Take the line containing "Lot 182: John" and every line after it to the end of the records, and copy them exactly, leaving out pictures.

## Data listing
• • • • •

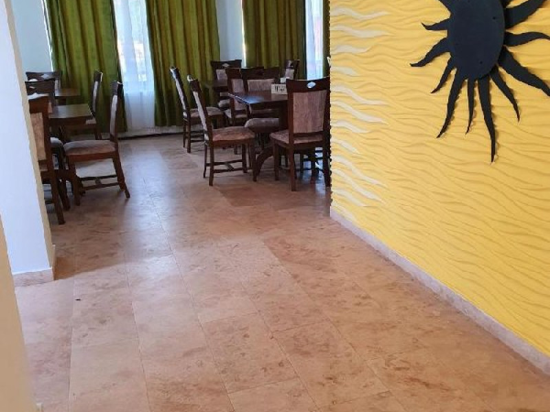 INFORMATII GENERALE Casa Helios este situata in centrul Sulinei, la 1 minut de mers pe jos de faleza pietonala, restaurante si in proximitatea mijloacelor de transport catre plaja. DESCRIERE UNITATE DE CAZARE Locatia dispune de cazare moderna si un restaurant in care se servesc doar preparate gatite lent, traditional, dupa retete autentice cu peste proaspat din Delta Dunarii. FACILITATI UNITATE Pe langa capacitatea de cazare, locatia ofera un restaurant in interior si o terasa exterioara, in imediata vecinatate a locului de joaca pentru copii. DESCRIERE CAMERE Camera dubla are 18 mp si dispune de un pat matrimonial. Camera twin are 16 mp si dispune de 2 paturi separate. Camera tripla are 20 mp si dispune de un pat matrimonial si un fotoliu extensibil. Fiecare camera este dotata cu aer conditionat, TV ecran plan, baie proprie, uscator pentru par, prosoape, consumabile. Camerele nu au balcon individual. In schimb, atat la etajul 1 cat si la etajul 2, exista cate un balcon comun. LOCALIZARE Casa Helios este situata in centrul Sulinei, la 1 minut de mers pe jos de faleza pietonala, restaurante si in proximitatea mijloacelor de transport catre plaja. Accesul la locatie se face exclusiv cu barca. ATRACTII TURISTICE Plaja Sulina, Farul Observator, Catedrala Sf. Alexandru si Sf. Nicolae, Expozitia Sulina Veche, excursii satul Letea. POLITICI Nu sunt permise animalele de companie. SERVICII DE MASA Turistii pot servi micul dejun si cina in restaurantul propriu. FACILITATI COPII Loc de joaca interior.
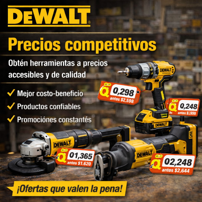 DEWALT Ofrecemos precios competitivos sin sacrificar calidad. Trabajamos para brindarte las mejores herramientas al mejor costo del mercado, asegurando una excelente relación precio–beneficio. Con nosotros obtienes productos confiables, promociones constantes y una inversión inteligente para tu trabajo.
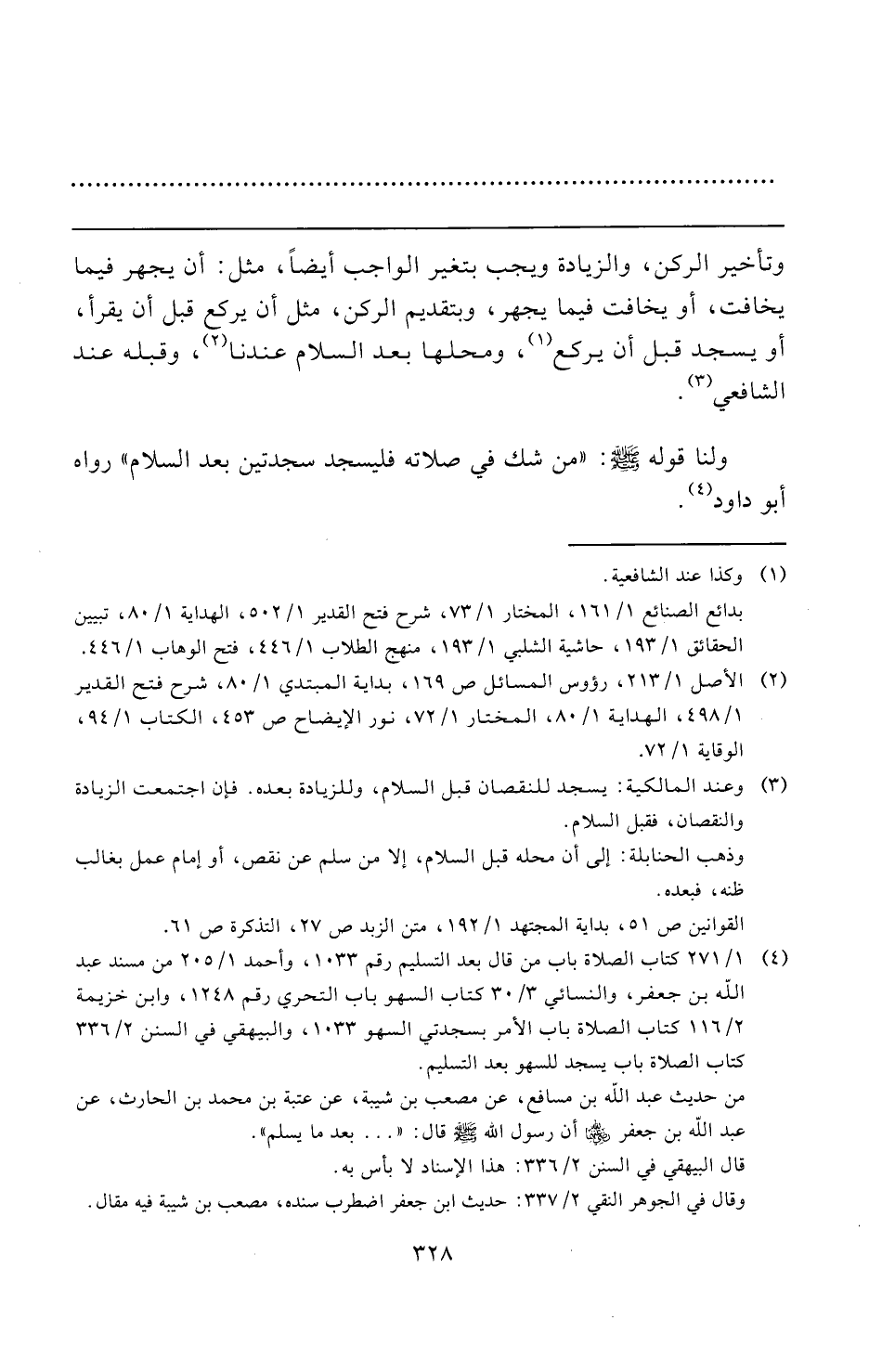 (¬٤) ١/ ٢٧١ كتاب الصلاة باب من قال بعد التسليم رقم ١٠٣٣، وأحمد ١/ ٢٠٥ من مسند عبد الله بن جعفر، والنسائي ٣/ ٣٠ كتاب السهو باب التحري رقم ١٢٤٨، وابن خزيمة ٢/ ١١٦ كتاب الصلاة باب الأمر بسجدتي السهو ١٠٣٣، والبيهقي في السنن ٢/ ٣٣٦ كتاب الصلاة باب يسجد للسهو بعد التسليم.
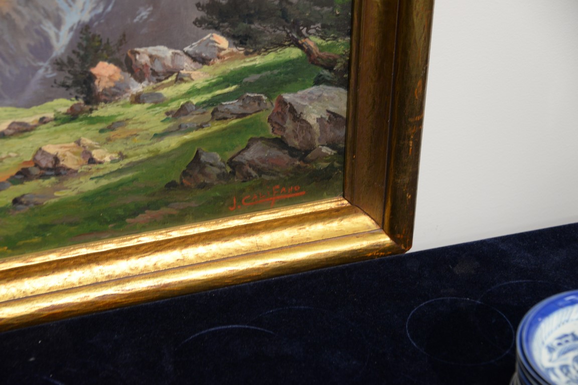 Lot 182: John Califano 1862-1946 oil on canvas Mountainous Landscape Yosemite signed lower right: J. Califano 22 x 32
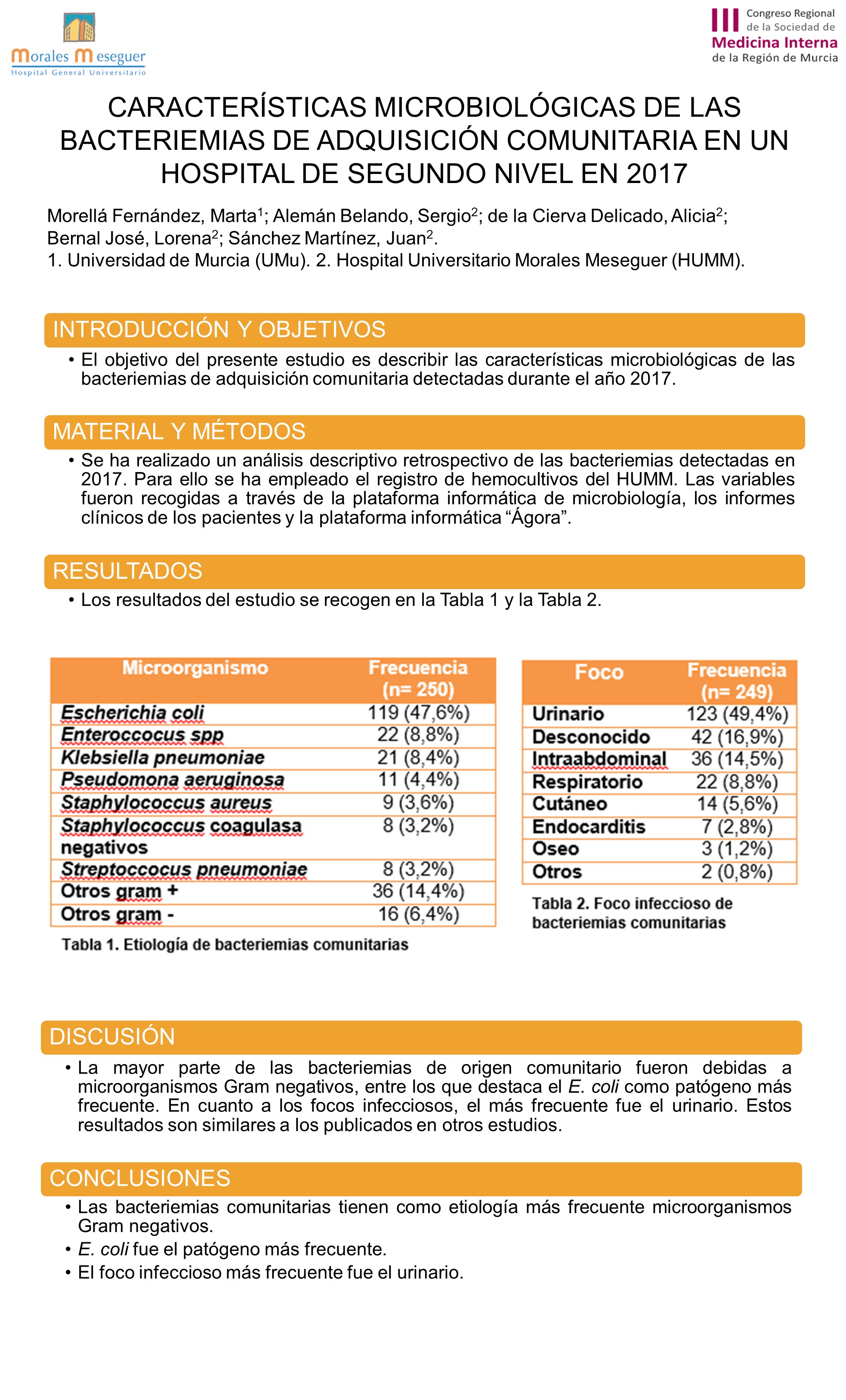 | P65 | Título: Características microbiológicas de las bacteriemias de adquisición comunitaria en un hospital de segundo nivel en 2017. Autores: M. Morella Fernández; S. Alemán Belando; A. de la Cierva Delicado; L. Bernal José; J. Sánchez Martínez. |

• • • • •

## Result of this task
 Lot 182: John Califano 1862-1946 oil on canvas Mountainous Landscape Yosemite signed lower right: J. Califano 22 x 32
 | P65 | Título: Características microbiológicas de las bacteriemias de adquisición comunitaria en un hospital de segundo nivel en 2017. Autores: M. Morella Fernández; S. Alemán Belando; A. de la Cierva Delicado; L. Bernal José; J. Sánchez Martínez. |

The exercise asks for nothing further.